Brian Skinner & Stephen C. Porter   (further book information here)
also look at for additional resource information
New Rocks from Old - Page 2

Chemical Reactivity

Rocks contain small cracks and pores from their initial formation. Igneous rocks crack around grain boundaries due to differential speeds in cooling. Sedimentary rocks have large grain boundaries due to the cementation process that created them. These porous areas often contain water with dissolved gases and rock constituents.

The liquid contained in these cavities is called intergranular fluid. The intergranular fluid provides a ready pathway to redistribute the chemistry of the rock in an efficient manner. Without the fluids, ions must migrate through solid materials and this is a VERY SLOW process, even on a geologic time scale.

Some of the fluids may have been present form the time the rock was created. Some rock may be deformed via tectonic forces (bending, folding, cracking, etc.) and the fluids may have been introduced later. Regardless of how the fluid phase arrives, it provides a ready path for the metamorphic process and makes it happen at highly accelerated rates.

When this fluid finds large fissures or cracks in the rock it can easily migrate from place to place. During the migration is may precipitate one or more of the minerals it has dissolved. This process can lead to "veining" in the rock. A vein is the mineral path taken by a fluid while it precipitate all or part of it soluble load.

When water is sufficiently heated it will boil. the process is simply the change of state from a liquid to a gas. If the water is heated in a confined space, then the boiling action will also increase the pressure of the system.
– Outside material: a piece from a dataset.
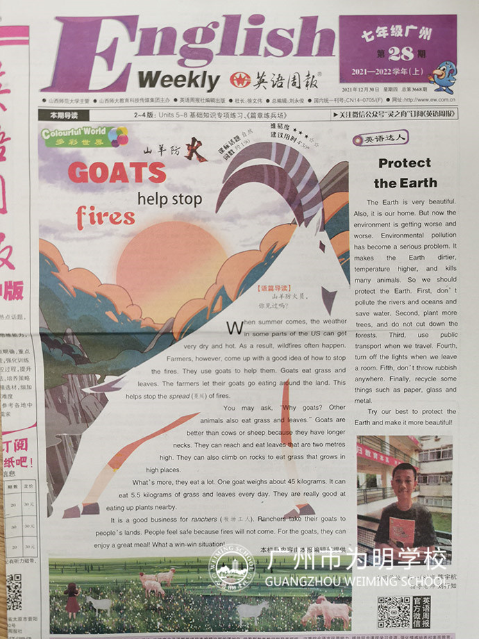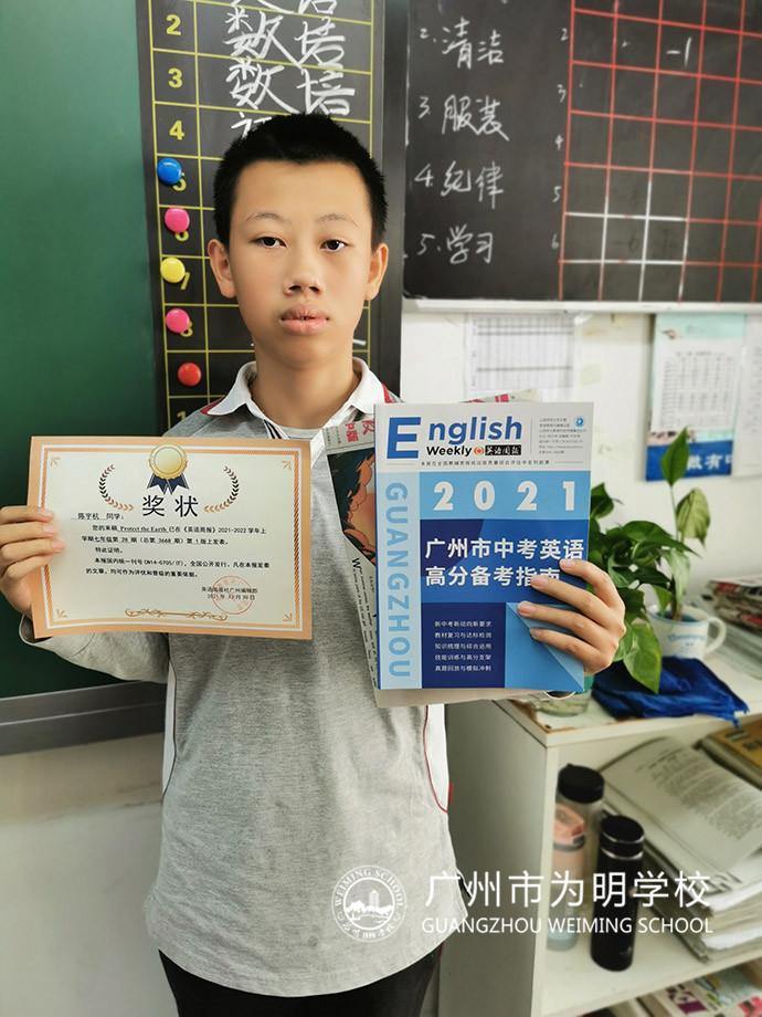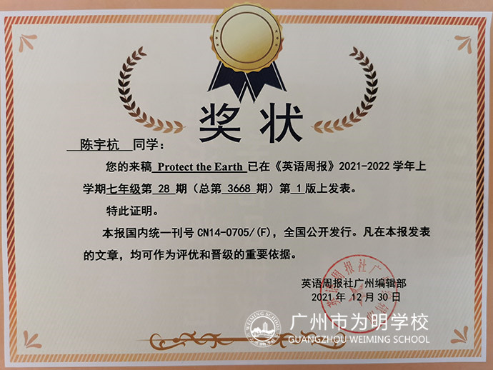 初一(8)班陈宇杭同学成绩优秀,特别喜爱英语。在英语刘行知老师的鼓励下,他开始尝试写作,经过多次修改,最后成功发表并刊登在《英语周报》第28期第1版。(供稿:赵全明 唐静婷 刘行知 编辑:龚卫平)

Combine with the natural high pressure at depth and apply substantially more heat, and the water is first boiled, but under the limited volume and high pressure it changes from a gas to a "fluid" state. The fluid has neither the properties of the liquid or the gas vapor.

It has the same or higher density than the liquid, so it is a very effective solvent, but at extremely high temperature and is thus far more active.
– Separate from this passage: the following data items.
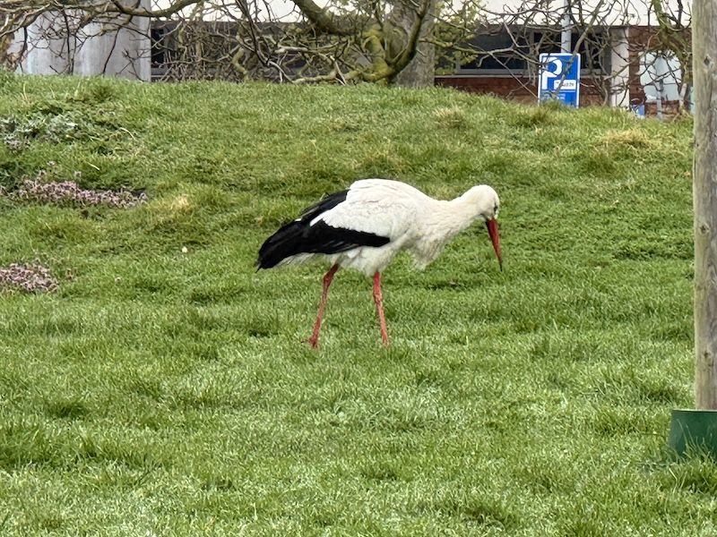 Last month while visiting Rijswijk I spotted a stork walking around in the grass. I snapped a photo of their adventure (with a good zoom, to not disturb it):
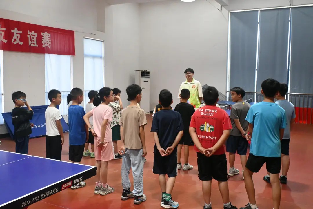 黄色象征着运动与活力。汤承达同学带来乒乓科普课程,妙趣横生,孩子们在乒乓球旋转中领略体育魅力。他现场示范了乒乓球的基本握拍方法、站姿以及击球技巧。他边讲解边演示,孩子们听得津津有味,跃跃欲试。在实践环节,他邀请同学们轮流上台体验,孩子们在尝试中不断调整姿势和发力方式,在场边同学的加油声中逐渐掌握要领,感受到了乒乓球运动的魅力与乐趣。
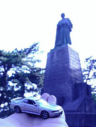 坂本龍馬の銅像。見事に逆光で上手く撮れなかった。よって画像は加工してます。この像を綺麗に撮影したければ午前中の訪問をオススメする。

A prograde metamorphic process is one that happens when temperature and pressure are rising and intergranular fluids are present. (EVEN SMALL AMOUNTS OF FLUID ARE SUFFICIENT FOR THIS TYPE OF REACTIVITY.) (Remember a larger amount of fluid might cause remelting and the rock type would then turn again to igneous.)
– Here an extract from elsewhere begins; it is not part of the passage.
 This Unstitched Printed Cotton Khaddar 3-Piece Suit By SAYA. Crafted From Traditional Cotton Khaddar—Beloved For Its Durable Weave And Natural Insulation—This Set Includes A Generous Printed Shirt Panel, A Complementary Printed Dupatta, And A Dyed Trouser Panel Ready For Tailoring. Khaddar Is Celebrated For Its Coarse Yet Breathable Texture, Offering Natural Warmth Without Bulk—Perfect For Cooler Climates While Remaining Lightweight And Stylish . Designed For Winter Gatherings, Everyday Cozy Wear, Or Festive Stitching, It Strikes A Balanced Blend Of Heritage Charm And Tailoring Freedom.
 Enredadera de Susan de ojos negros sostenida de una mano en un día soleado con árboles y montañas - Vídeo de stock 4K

A retrograde metamorphic process occurs when temperature and pressure are falling and the fluid level has been decreased. Usually because it (the fluid) has already been driven out of the area.

Retrograde reactions happen VERY SLOW because they are more solid state. As a result, metamorphic rocks that reach the earths surface and were caused by high-grade metamorphic processes are more stable and last long enough to observe.

Temperature - Pressure Curves

Pressure is felt throughout a rock almost instantly. Pressure is passed rapidly through solids, for instance sound wave pass through solids much faster than they do through air. Sound wave are after all simply pressure waves. Example: the old trick of putting your ear on a railroad track allows you to hear an approaching train far earlier than if you wait to hear it in the air.

Temperature must use conduction to move through solid rock and is a slower process in solids. That is why some kinds of minerals are used to make kiln bricks. They are very non-conductive, and heat passes through them slowly. Same with the space shuttle. The wings are coated with temperature resistant ceramics.

For this reason, a large rock body will feel the pressure of its depth far sooner than it will be heated by the temperature at its depth. Take home story: metamorphic rocks near continental subduction zones will see higher pressure due to plate tectonics before they are heated to their hottest temperature due to burial. Thus there is an offset between the highest temperature they see and the highest pressure to which they are subjected. By the time they see the highest temperature they are already in a lowerer pressure zone.

SO ... if we can measure the age of a metamorphic rock more than once along its P-T curve, we can calculate a rate of subduction. (How fast they are being buried and how fast they are rising.)